Вифредо глядит в окно, и серый парижский туман отвечает задумчивым взглядом. Да, кажется, именно в этом баре Джонни и рассказал историю про Флореса. Вифредо смотрит на мужчину за стойкой – черт его разберет, вроде бы смутно знаком. Может, спросить про Асию? Не помнит ли он русскую девушку, сироту, чьи родители погибли в Сопротивлении? Впрочем, откуда бармену знать про ее родителей? Она рассказала о них только Вифредо, в тот самый вечер на мосту дез Ар.
– Совсем их не помню, – и пожала худыми беззащитными плечами, – мне было всего три, когда их расстреляли в сорок втором.
Прозрачные пальцы сжимают черные перила, Сена, свинцовая как парижские крыши, отражает дождливое небо, лишенное цвета.
– Значит, сейчас тебе…
– Семнадцать, – кивает Асия, – я думала, вы все знаете. Скоро восемнадцать, красивое число, надо будет отметить.
На этот день рождения он так и не смог прийти. Все случилось слишком быстро – он вернулся из школы, а мама уже запихивала в чемодан ситцевое платье, в котором приехала с Дона семь лет назад, всхлипывала, бормотала себе под нос: все оставлю, ничего не нужно, пусть подавится, кобель армянский! – и Сергей хотел было сказать «мама, зачем ты так?» – но вовремя осекся, потому что поймал мамин взгляд: черные, бездонные зрачки плавали в набухающей влаге.
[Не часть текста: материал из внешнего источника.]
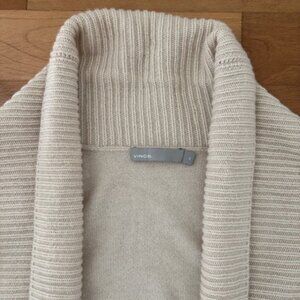 Vince Cashmere Shawl Collar Open Cardigan. Ribbed collar and cuffs. 27" from back top seam to hem.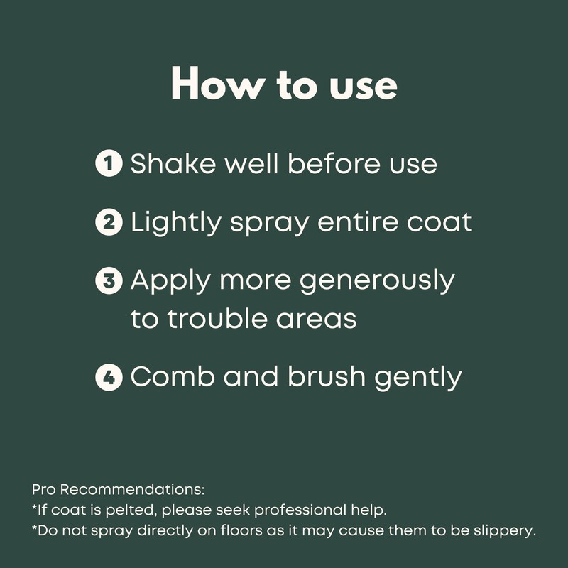 - 5. LONGER-LASTING CLEANLINESS - Say goodbye to frequent baths. Our dog detangling spray keeps your dog's fur cleaner for longer periods, reducing the need for constant grooming. Enjoy a cleaner and fresher pet, with less time and effort spent on grooming.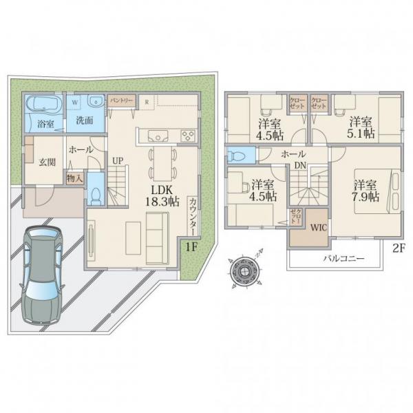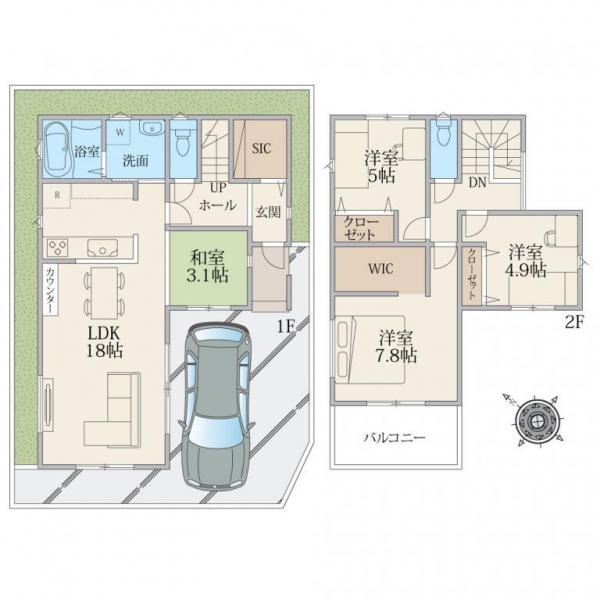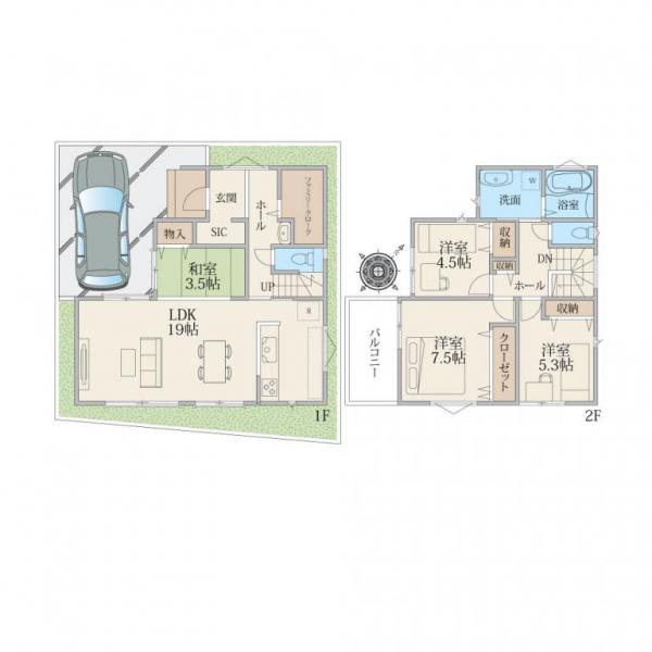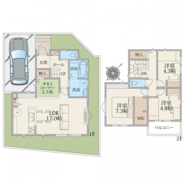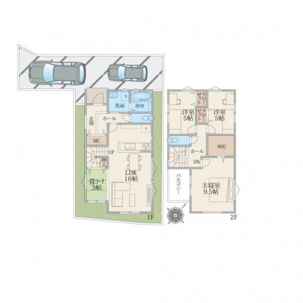 大型4LDK+カースペース2台駐車可、広いお庭も確保できる区画計画

Каменные ангелы смотрели с оштукатуренных небес, и Сережа вдруг понял, что это вовсе не ангелы, а амуры, легкомысленные покровители непостоянной любви.
– Не уезжай, – сказала ему Галя и сморщила нос, – у меня же день рождения в эту субботу.
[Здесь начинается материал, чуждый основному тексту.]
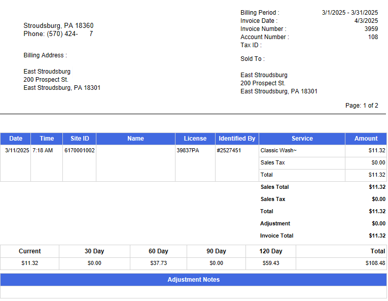 Invoice adjustments and their reasons will also be reflected in the invoice generated within WashConnect.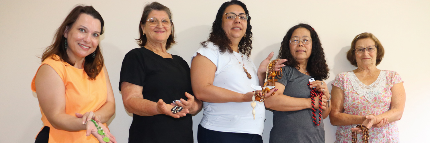Um grupo de mulheres de Itambé, no Noroeste do Paraná, resolveu empreender após participar do curso “Artesanatos com sementes – biojoias”, promovido pelo Sistema FAEP. Com os conhecimentos adquiridos durante o treinamento, surgiu a ideia de fundar uma associação para comprar insumos e produzir peças para a venda. A iniciativa tem dado certo. A Natu Biojoias já possui logomarca e um perfil no Instagram para divulgar e comercializar seus produtos. O grupo é composto por Gilsemara Cagni, Viviane Dolphine Campagnoli, Márcia Noriko Ueoka, Diva Dela Rosa Campagnoli, Maria Dirma Antonini Trombini e Fátima Aparecida Bersi Michelin.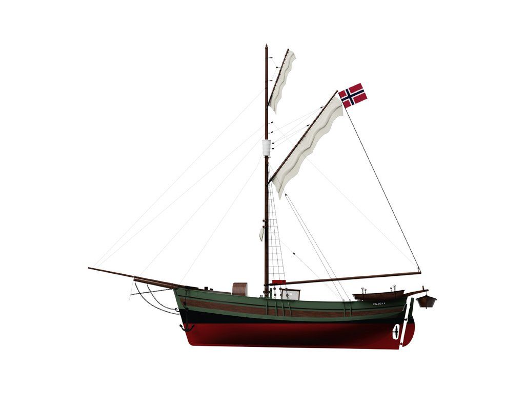 Stavebnice neplovoucího modelu lodi výzkumné plachetnice Gjoa, v měřítku 1:50. Délka modelu lodi je 630mm, stavba převážně ze dřeva s doplňky z 3D tisku, součástí je obrázkový stavební návod. Gjøa je norská plachetnice typu Hardangerjakt se kterou plul Roald Amundsen.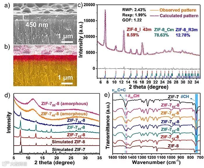 图2. 刚性混合双配体ZIF-722-8膜形貌特征及证明手段: XRD精修证明膜是刚性结构。XRD只有ZIF-8的特征峰而无ZIF-7特征峰,证明膜是单相的。ATR-IR同时含ZIF-8和ZIF-7的特征峰,说明两种配体都存在。由于只有一种相结构,但同时存在两种配体,这就证实了ZIF-7x-8膜的双配体结构。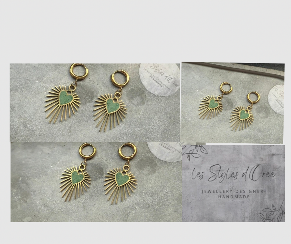 Boucles d'oreilles en acier doré et coeur en jesmonite verte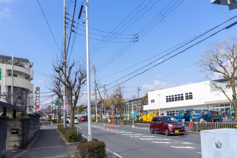 反対方向にいくと名神をくぐってセブンイレブンや薩摩の牛太などの方へ。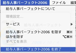 メニューバーの「給与人事パーフェクト2006」からプルダウンメニューの「給与人事パーフェクト2006を終了」を選択します。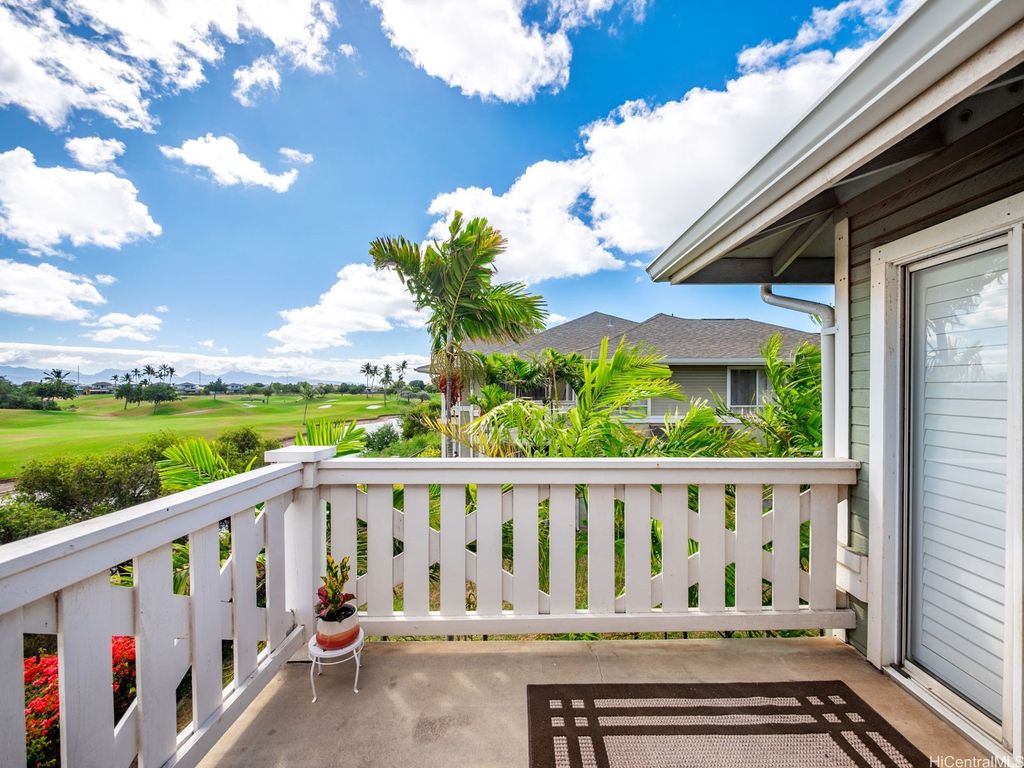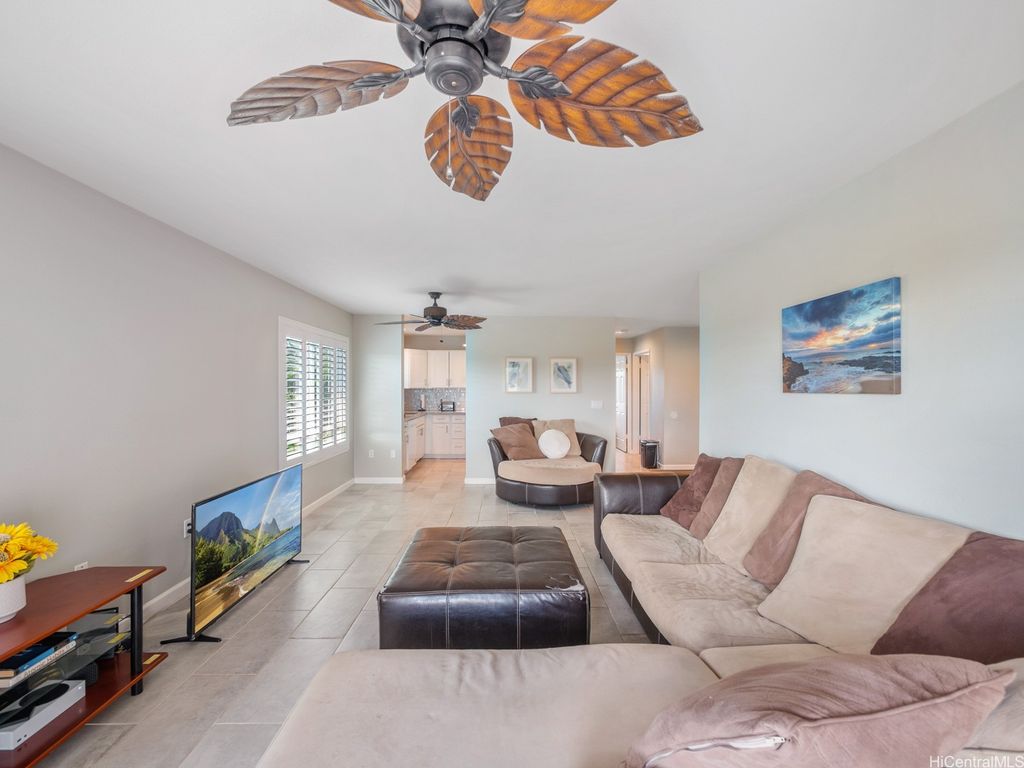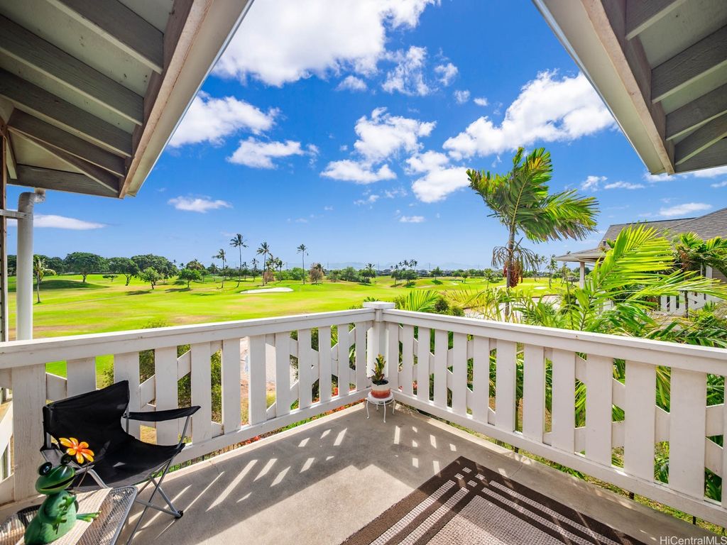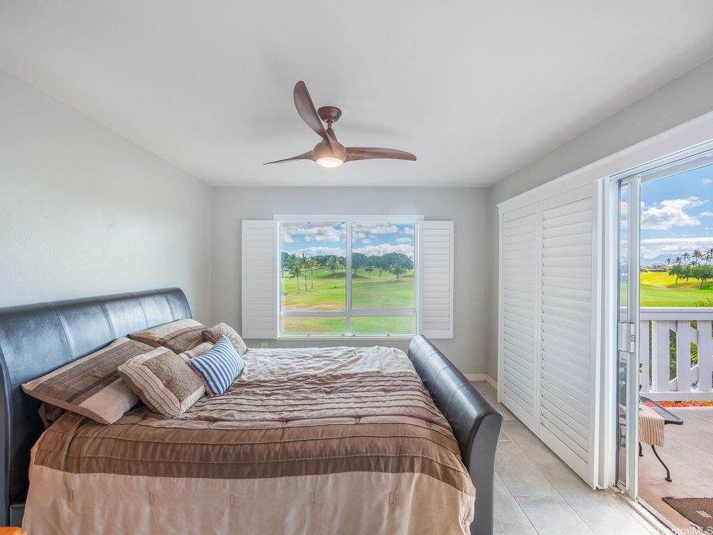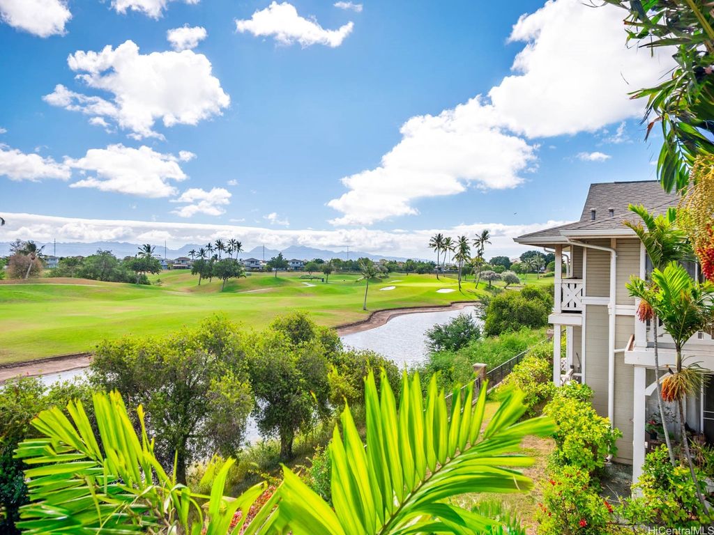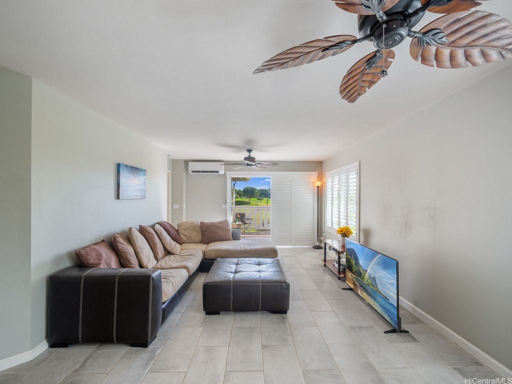 Spacious 2-Bed, 2-Bath Condo with GOLF COURSE VIEWS! Assumable VA loan at 4.99% interest rate and super small gap for qualified VA Buyers. Well-maintained condo featuring an updated kitchen, ceramic tile flooring, and plantation shutters throughout. Split AC units in both bedrooms and the living room provide year-round comfort. Enjoy beautiful golf course views from your lanai and main bedroom. Includes 2 parking stalls. Amenities include a sparkling pool, recreation room, and access to Villages Of Kapolei pool and recreation area. Conveniently located near schools, shopping at Ka Makana Ali'i Mall, dining, and more. A great opportunity in a prime location!

– Я не могу, – ответил Сережа, – ты понимаешь, мама…
– Я понимаю, – и Галя отвернулась, чтобы он не увидел, как судорожно дергаются бледные губы.
Они стояли в том самом месте, где Сережа встречал ее каждый день. Мимо шли люди, и никому не было дела до двух подростков, замерших в двух шагах друг от друга, обрамленных каменной аркой проходного двора.
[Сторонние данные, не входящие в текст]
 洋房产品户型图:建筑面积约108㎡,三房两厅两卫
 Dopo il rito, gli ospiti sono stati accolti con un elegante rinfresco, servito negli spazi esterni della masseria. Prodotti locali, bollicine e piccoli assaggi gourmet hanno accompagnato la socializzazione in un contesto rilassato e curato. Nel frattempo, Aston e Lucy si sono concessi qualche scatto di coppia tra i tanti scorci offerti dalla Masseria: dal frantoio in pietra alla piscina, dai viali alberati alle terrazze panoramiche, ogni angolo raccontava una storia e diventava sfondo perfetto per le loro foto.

Надо все-таки спросить Витьку, уже в который раз думает Сергей. Он закуривает и замечает: рука дрожит. Совсем расклеился, думает он, никуда не годится. В шуме голосов за соседним столиком ухо раз за разом различает слова «Алжир», «алжирцы». Разве не туда Раймон собирался увести Асию? Или в Танжер? Вифредо помнит: они бредили Северной Африкой, влажной парижской зимой сухие африканские пустыни казались видением рая, стократ усиленным гашишем, впитавшим сказочные миражи французского востока.
(перебивает)
Я когда-то тоже любил покурить, а сейчас почти перестал. Но я никогда много не потреблял. Зато у меня была одна приятельница – она по-настоящему дула. Сворачивала с вечера косяк, просыпалась – и сразу затягивалась.
Однажды сказала, что если не курит – ей очень страшно жить.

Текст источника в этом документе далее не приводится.